参考文章链接:
知乎:最适合深度学习的三维旋转表示
pytorch旋转矩阵转四元数及各种旋转表示方式之间的转换实现代码
CVPR19的论文《On the Continuity of Rotation Representations in Neural Networks》。
这篇文章分析比较了旋转矩阵,欧拉角,四元数等常见三维旋转表示对神经网络训练的影响,并提出了一种适合深度学习的 6D三维旋转表示方法。
不连续(Continiuous)的旋转表示不是好的旋转表示
右图中表示的是用几何圆表示的旋转一周,左图是用数值表示的旋转一周,为方便理解,我补充了图中红字
右图从45度到-45度是连续的,但是在左图的数值反映是不连续的,【0–π/4】和【7π/4–2π】
这个图中的表达的意思是从使用上边左图的数值表示的旋转是不连续的,这样的表示是不好的
1. 绕x轴旋转90°
angle = 90/180*math.pi
transform_matrix_x = np.array([
[1, 0, 0],
[0, math.cos(angle), -math.sin(angle)],
[0, math.sin(angle), math.cos(angle)]])#绕x轴
2.绕y轴旋转90°
angle = 90/180*math.pi
transform_matrix_y = np.array([
[math.cos(angle), 0, math.sin(angle)],
[0, 1, 0],
[-math.sin(angle), 0, math.cos(angle)]])#绕y轴
2.绕z轴旋转90°
angle = 90/180*math.pi
transform_matrix_z = np.array([
[math.cos(angle), -math.sin(angle), 0],
[math.sin(angle), math.cos(angle), 0],
[0, 0, 1]])#绕z轴
旋转矩阵转6D表示
很容易理解就是取3X3旋转矩阵的前两行的6个数
def matrix_to_rotation_6d(matrix: torch.Tensor) -> torch.Tensor:
"""
Converts rotation matrices to 6D rotation representation by Zhou et al. [1]

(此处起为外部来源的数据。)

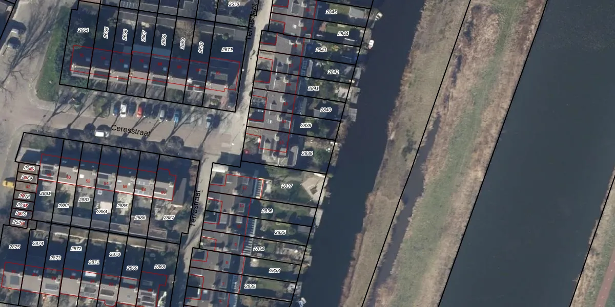 Gebruik de zoekbalk of klik op een perceel om informatie over het perceel te bekijken.

by dropping the last row. Note that 6D representation is not unique.
Args:
matrix: batch of rotation matrices of size (*, 3, 3)
Returns:
6D rotation representation, of size (*, 6)
[1] Zhou, Y., Barnes, C., Lu, J., Yang, J., & Li, H.
On the Continuity of Rotation Representations in Neural Networks.
IEEE Conference on Computer Vision and Pattern Recognition, 2019.
Retrieved from http://arxiv.org/abs/1812.07035
"""
return matrix[..., :2, :].clone().reshape(*matrix.size()[:-2], 6)
6D表示恢复旋转矩阵
施密特正交化
def rotation_6d_to_matrix(d6: torch.Tensor) -> torch.Tensor:
"""
Converts 6D rotation representation by Zhou et al. [1] to rotation matrix
using Gram--Schmidt orthogonalization per Section B of [1].
Args:
d6: 6D rotation representation, of size (*, 6)
Returns:
batch of rotation matrices of size (*, 3, 3)
[1] Zhou, Y., Barnes, C., Lu, J., Yang, J., & Li, H.
On the Continuity of Rotation Representations in Neural Networks.
IEEE Conference on Computer Vision and Pattern Recognition, 2019.
Retrieved from http://arxiv.org/abs/1812.07035
"""
a1, a2 = d6[..., :3], d6[..., 3:]
b1 = F.normalize(a1, dim=-1)
b2 = a2 - (b1 * a2).sum(-1, keepdim=True) * b1#归一化后b1内积为1,表达式中省去
b2 = F.normalize(b2, dim=-1)
b3 = torch.cross(b1, b2, dim=-1)#第三个正交向量垂直前两个正交向量所在的面(叉乘)
return torch.stack((b1, b2, b3), dim=-2)
完整代码
# Copyright (c) Facebook, Inc. and its affiliates.
# All rights reserved.
#
# This source code is licensed under the BSD-style license found in the
# LICENSE file in the root directory of this source tree.
import functools
from typing import Optional
import torch
import torch.nn.functional as F
"""
The transformation matrices returned from the functions in this file assume
the points on which the transformation will be applied are column vectors.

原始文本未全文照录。